While several major American law firms are challenging punitive measures taken by the Trump administration, the legal battle unfolding in Washington now involves European bar associations.

The Federal Court of Appeals for the District of Columbia will hear a case on May 14 that goes beyond the scope of the relationship between the U.S. administration and several major law firms. At issue are a series of Executive Orders adopted in 2025, restricting access to public markets, federal buildings, and security clearances for firms representing political opponents of the president. Among the directly targeted firms are Perkins Coie, Jenner & Block, Susman Godfrey, and WilmerHale, which have chosen to challenge these measures in court, while nine other firms preferred to reach agreements with the administration to mitigate the effects.

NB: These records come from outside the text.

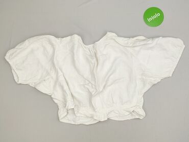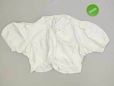 Biała koszulka/bluzka z krótkim rękawem, rozmiar M. - Krój: prosta linia, okrągły dekolt bez ściągacza, zapięcie na guziki wzdłuż całego przodu. - Rękawy: krótkie, lekko luźne. - Materiał: lekko...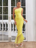 Elevate your evening look with this stunning one-shoulder dress, designed with an asymmetrical hem and mesh panel details. The sleek, bodycon fit enhances your silhouette while the unique fabric combination adds modern sophistication, making it a perfect choice for any chic gathering.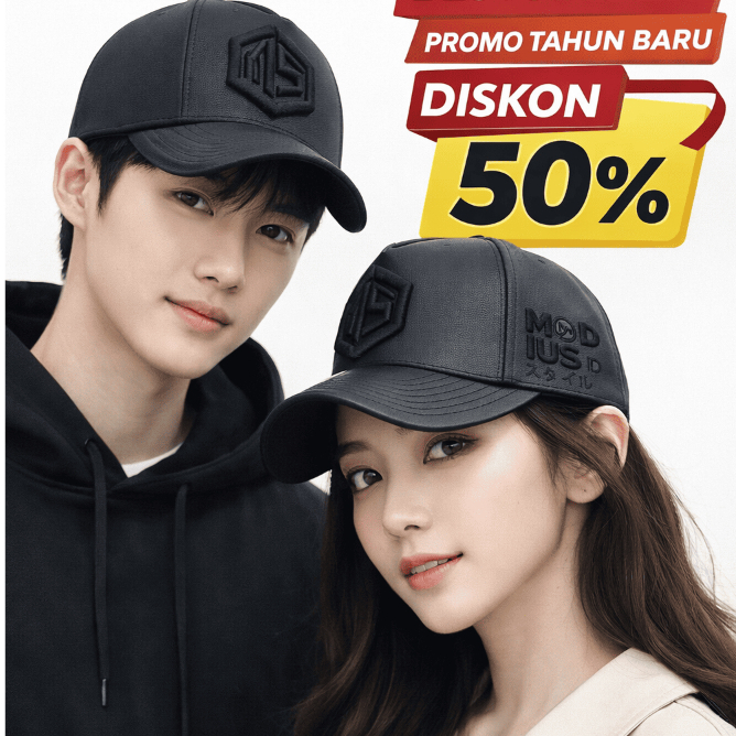TOPI MODIUS ORIGINALE 3D BLACK ON BLACK KULIT KEREN Pria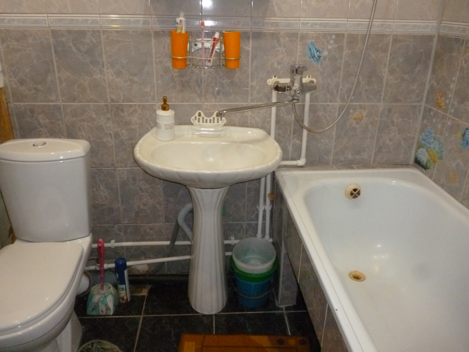 стены и пол ванной и туалета и потолок в кафеле,

These measures, initially invalidated, have sparked an unprecedented mobilization in the legal world. The College of Commercial Arbitrators (CCA) submitted an amicus curiae brief emphasizing that commercial arbitration relies on the independence of judges, lawyers, and arbitrators. The document, prepared by Daniel Schimmel, Counsel for Amicus Curiae and associated with Foley Hoag in New York, highlights that an arbitration seat is only credible if legal professionals can work without political pressure and if courts remain free to confirm or enforce judgments, even when they displease the executive branch.

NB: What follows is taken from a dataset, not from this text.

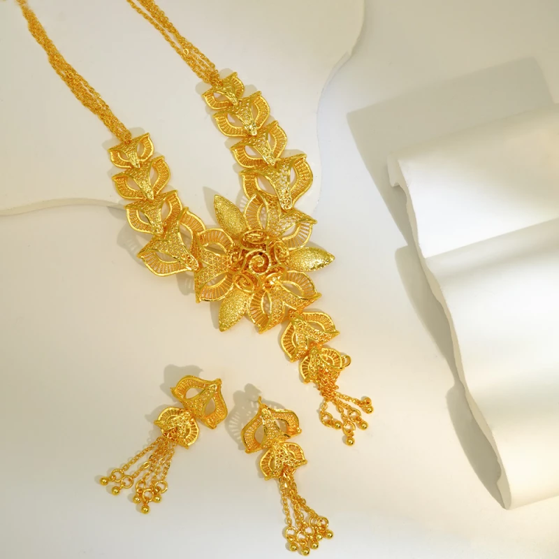 This elegant 2-piece jewelry set (necklace + earrings) is crafted from alloy with a polished gold-toned finish, featuring intricate lace-floral cutout detailing and tassel accents (no natural gemstones or precious metals are used). The statement necklace showcases a layered floral centerpiece paired with cascading lace-patterned links, while the matching earrings echo the design with delicate tassels for a cohesive, sophisticated look.

The CCA also sheds light on historical precedents: from Nazi Germany to the USSR, and the Francoist Spain, authoritarian regimes have consistently sought to control arbitration and weaken the legal profession, considered an essential check on power. According to the brief, these examples show that violations of the defense’s independence often signal an early deterioration of the rule of law.

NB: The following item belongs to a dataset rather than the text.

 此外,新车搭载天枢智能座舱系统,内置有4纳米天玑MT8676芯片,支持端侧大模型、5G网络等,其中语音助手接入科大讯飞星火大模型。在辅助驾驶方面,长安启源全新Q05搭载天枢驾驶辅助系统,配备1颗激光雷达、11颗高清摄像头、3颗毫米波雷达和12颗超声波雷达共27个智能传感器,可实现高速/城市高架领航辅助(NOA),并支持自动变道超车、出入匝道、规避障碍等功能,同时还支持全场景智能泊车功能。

In Europe, on April 1, a coalition of over twenty European bar associations, led by the Paris Bar, the Deutscher Anwaltverein, and the Warsaw Bar, filed an amicus curiae brief before the Court of Appeals. Signatories include the Law Society of England and Wales, the CCBE, and several national orders representing over a million lawyers in total. Their position is unequivocal: sanctioning firms based on their clients or cases constitutes a direct attack on the independence of the profession.

In a statement released on April 8, the Paris Bar emphasizes that the defense’s independence is “an intangible pillar of the rule of law” and highlights the “systemic risks” of any institutional retaliatory logic against lawyers. The European brief underscores that recent history – in Europe and elsewhere – shows that attacks on the profession often accompany a broader weakening of democratic checks and balances.

Beyond the American case, this transatlantic mobilization reveals a common concern: protecting the lawyer to protect justice. The Court of Appeals’ decision will weigh far beyond the constitutional debate alone, as it touches on the fundamental principles of democratic functioning and trust in institutions.